■ EXERCISE DETAILS: Write out the records once more, exactly, and keep any image out.
WORKING DATA Start Marker
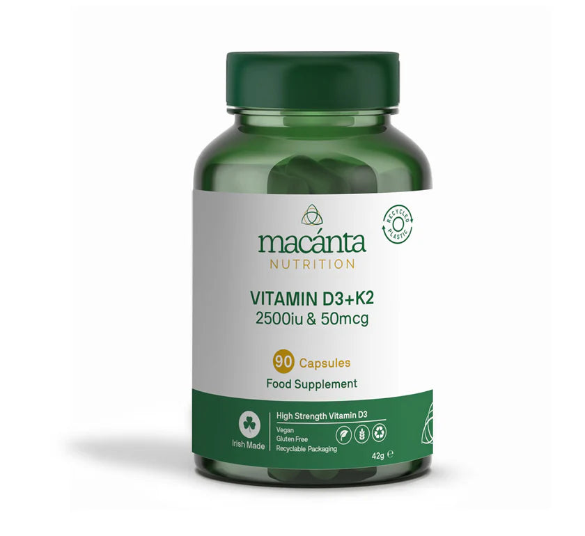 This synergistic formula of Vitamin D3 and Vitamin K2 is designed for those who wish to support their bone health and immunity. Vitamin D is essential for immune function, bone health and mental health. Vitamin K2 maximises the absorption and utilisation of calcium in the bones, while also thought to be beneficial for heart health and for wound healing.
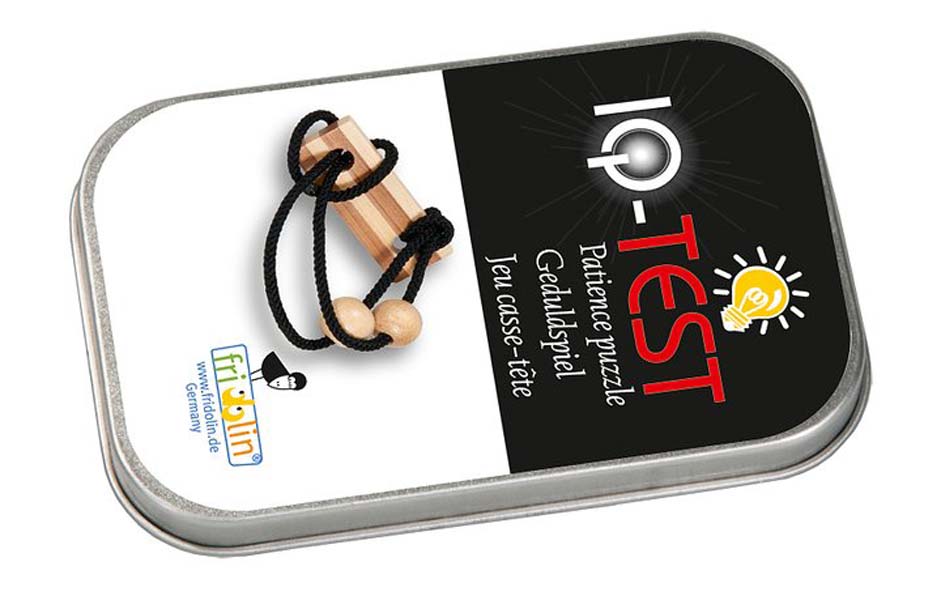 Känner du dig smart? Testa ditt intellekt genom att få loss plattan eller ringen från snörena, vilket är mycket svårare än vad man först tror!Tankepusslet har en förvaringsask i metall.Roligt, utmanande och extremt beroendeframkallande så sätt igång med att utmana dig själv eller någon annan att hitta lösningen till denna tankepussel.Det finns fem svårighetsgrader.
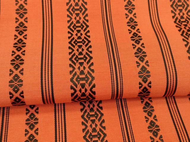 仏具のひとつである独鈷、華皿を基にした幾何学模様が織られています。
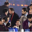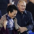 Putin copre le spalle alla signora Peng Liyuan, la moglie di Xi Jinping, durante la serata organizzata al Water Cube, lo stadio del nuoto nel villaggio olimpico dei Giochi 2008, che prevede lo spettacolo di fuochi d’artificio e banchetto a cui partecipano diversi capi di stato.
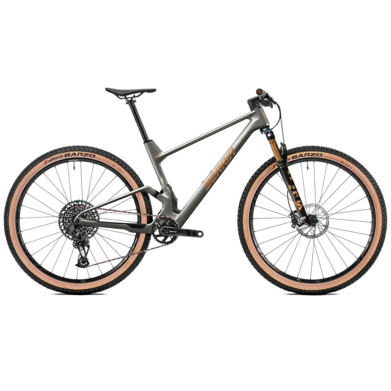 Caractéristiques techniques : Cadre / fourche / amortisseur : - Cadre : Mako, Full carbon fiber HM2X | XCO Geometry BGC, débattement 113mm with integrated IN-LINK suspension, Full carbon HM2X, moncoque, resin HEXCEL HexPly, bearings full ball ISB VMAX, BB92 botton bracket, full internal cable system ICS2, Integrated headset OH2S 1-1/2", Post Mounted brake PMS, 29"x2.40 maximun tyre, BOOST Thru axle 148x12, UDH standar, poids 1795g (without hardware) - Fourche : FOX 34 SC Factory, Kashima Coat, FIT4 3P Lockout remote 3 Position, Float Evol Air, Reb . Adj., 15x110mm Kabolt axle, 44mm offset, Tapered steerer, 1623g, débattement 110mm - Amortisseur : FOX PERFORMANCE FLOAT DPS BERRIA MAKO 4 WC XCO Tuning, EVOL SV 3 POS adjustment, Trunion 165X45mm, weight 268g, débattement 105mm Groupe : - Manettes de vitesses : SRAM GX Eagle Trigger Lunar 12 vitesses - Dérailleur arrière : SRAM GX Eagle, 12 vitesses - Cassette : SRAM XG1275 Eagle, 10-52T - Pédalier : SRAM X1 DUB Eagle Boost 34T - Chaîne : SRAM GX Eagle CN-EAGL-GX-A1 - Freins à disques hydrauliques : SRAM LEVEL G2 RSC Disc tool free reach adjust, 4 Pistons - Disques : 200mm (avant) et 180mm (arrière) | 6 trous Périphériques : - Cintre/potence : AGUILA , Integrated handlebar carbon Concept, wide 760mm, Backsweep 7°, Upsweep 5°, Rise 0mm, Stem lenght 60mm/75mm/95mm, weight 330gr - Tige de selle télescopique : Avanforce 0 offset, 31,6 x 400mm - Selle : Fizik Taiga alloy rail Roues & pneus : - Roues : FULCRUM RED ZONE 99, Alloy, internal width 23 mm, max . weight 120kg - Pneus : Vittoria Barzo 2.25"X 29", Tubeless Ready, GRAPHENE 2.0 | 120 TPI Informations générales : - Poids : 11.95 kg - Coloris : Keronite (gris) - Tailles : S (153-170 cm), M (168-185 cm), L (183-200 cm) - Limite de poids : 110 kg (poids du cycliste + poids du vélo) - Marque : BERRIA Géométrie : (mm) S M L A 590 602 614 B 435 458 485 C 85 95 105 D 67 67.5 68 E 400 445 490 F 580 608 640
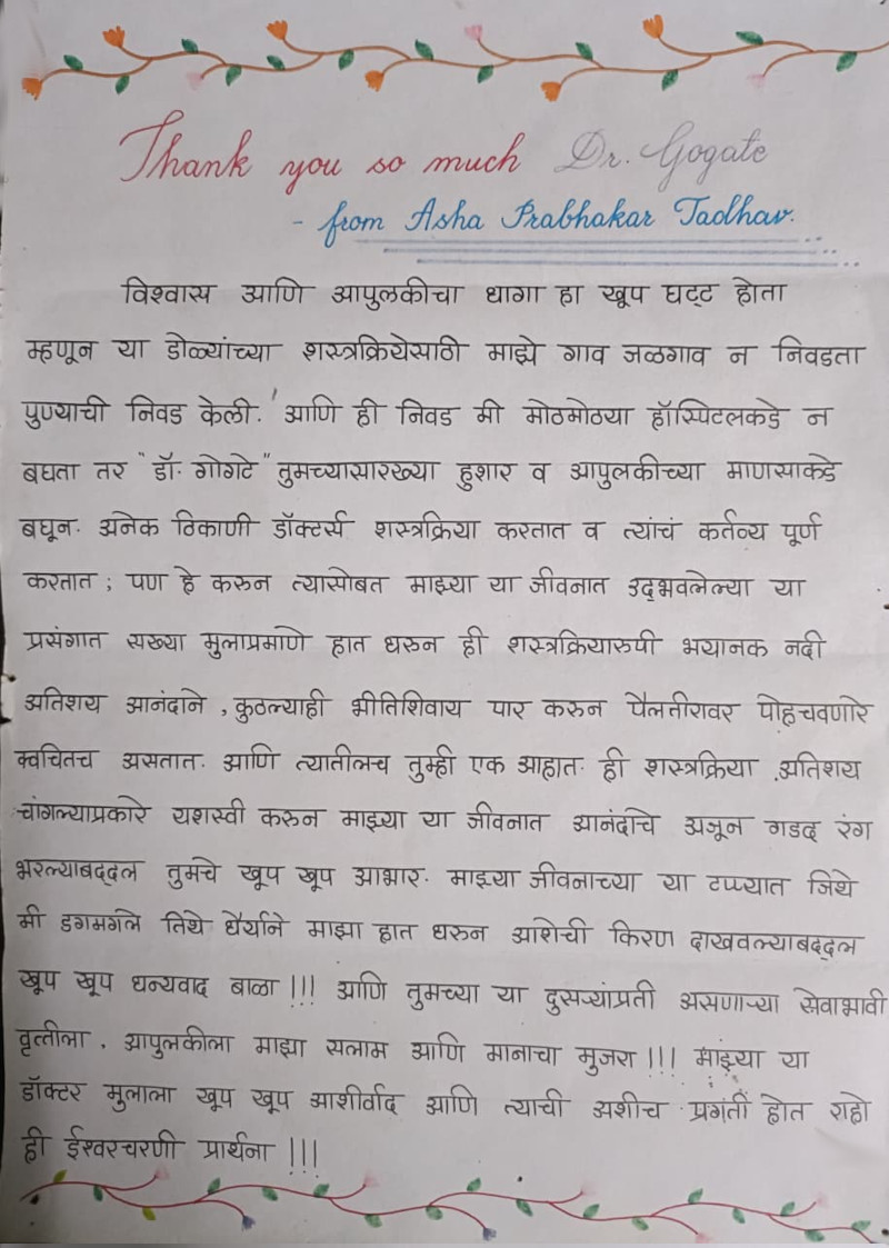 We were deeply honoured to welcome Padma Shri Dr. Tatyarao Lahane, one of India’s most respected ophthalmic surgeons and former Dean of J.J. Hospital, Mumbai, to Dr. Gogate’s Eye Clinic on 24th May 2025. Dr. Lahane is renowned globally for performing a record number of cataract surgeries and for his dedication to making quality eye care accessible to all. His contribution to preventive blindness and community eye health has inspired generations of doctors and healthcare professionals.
WORKING DATA End Marker
■ RESPONSE TO THIS EXERCISE:
 This synergistic formula of Vitamin D3 and Vitamin K2 is designed for those who wish to support their bone health and immunity. Vitamin D is essential for immune function, bone health and mental health. Vitamin K2 maximises the absorption and utilisation of calcium in the bones, while also thought to be beneficial for heart health and for wound healing.
 Känner du dig smart? Testa ditt intellekt genom att få loss plattan eller ringen från snörena, vilket är mycket svårare än vad man först tror!Tankepusslet har en förvaringsask i metall.Roligt, utmanande och extremt beroendeframkallande så sätt igång med att utmana dig själv eller någon annan att hitta lösningen till denna tankepussel.Det finns fem svårighetsgrader.
 仏具のひとつである独鈷、華皿を基にした幾何学模様が織られています。
 Putin copre le spalle alla signora Peng Liyuan, la moglie di Xi Jinping, durante la serata organizzata al Water Cube, lo stadio del nuoto nel villaggio olimpico dei Giochi 2008, che prevede lo spettacolo di fuochi d’artificio e banchetto a cui partecipano diversi capi di stato.
 Caractéristiques techniques : Cadre / fourche / amortisseur : - Cadre : Mako, Full carbon fiber HM2X | XCO Geometry BGC, débattement 113mm with integrated IN-LINK suspension, Full carbon HM2X, moncoque, resin HEXCEL HexPly, bearings full ball ISB VMAX, BB92 botton bracket, full internal cable system ICS2, Integrated headset OH2S 1-1/2", Post Mounted brake PMS, 29"x2.40 maximun tyre, BOOST Thru axle 148x12, UDH standar, poids 1795g (without hardware) - Fourche : FOX 34 SC Factory, Kashima Coat, FIT4 3P Lockout remote 3 Position, Float Evol Air, Reb . Adj., 15x110mm Kabolt axle, 44mm offset, Tapered steerer, 1623g, débattement 110mm - Amortisseur : FOX PERFORMANCE FLOAT DPS BERRIA MAKO 4 WC XCO Tuning, EVOL SV 3 POS adjustment, Trunion 165X45mm, weight 268g, débattement 105mm Groupe : - Manettes de vitesses : SRAM GX Eagle Trigger Lunar 12 vitesses - Dérailleur arrière : SRAM GX Eagle, 12 vitesses - Cassette : SRAM XG1275 Eagle, 10-52T - Pédalier : SRAM X1 DUB Eagle Boost 34T - Chaîne : SRAM GX Eagle CN-EAGL-GX-A1 - Freins à disques hydrauliques : SRAM LEVEL G2 RSC Disc tool free reach adjust, 4 Pistons - Disques : 200mm (avant) et 180mm (arrière) | 6 trous Périphériques : - Cintre/potence : AGUILA , Integrated handlebar carbon Concept, wide 760mm, Backsweep 7°, Upsweep 5°, Rise 0mm, Stem lenght 60mm/75mm/95mm, weight 330gr - Tige de selle télescopique : Avanforce 0 offset, 31,6 x 400mm - Selle : Fizik Taiga alloy rail Roues & pneus : - Roues : FULCRUM RED ZONE 99, Alloy, internal width 23 mm, max . weight 120kg - Pneus : Vittoria Barzo 2.25"X 29", Tubeless Ready, GRAPHENE 2.0 | 120 TPI Informations générales : - Poids : 11.95 kg - Coloris : Keronite (gris) - Tailles : S (153-170 cm), M (168-185 cm), L (183-200 cm) - Limite de poids : 110 kg (poids du cycliste + poids du vélo) - Marque : BERRIA Géométrie : (mm) S M L A 590 602 614 B 435 458 485 C 85 95 105 D 67 67.5 68 E 400 445 490 F 580 608 640
 We were deeply honoured to welcome Padma Shri Dr. Tatyarao Lahane, one of India’s most respected ophthalmic surgeons and former Dean of J.J. Hospital, Mumbai, to Dr. Gogate’s Eye Clinic on 24th May 2025. Dr. Lahane is renowned globally for performing a record number of cataract surgeries and for his dedication to making quality eye care accessible to all. His contribution to preventive blindness and community eye health has inspired generations of doctors and healthcare professionals.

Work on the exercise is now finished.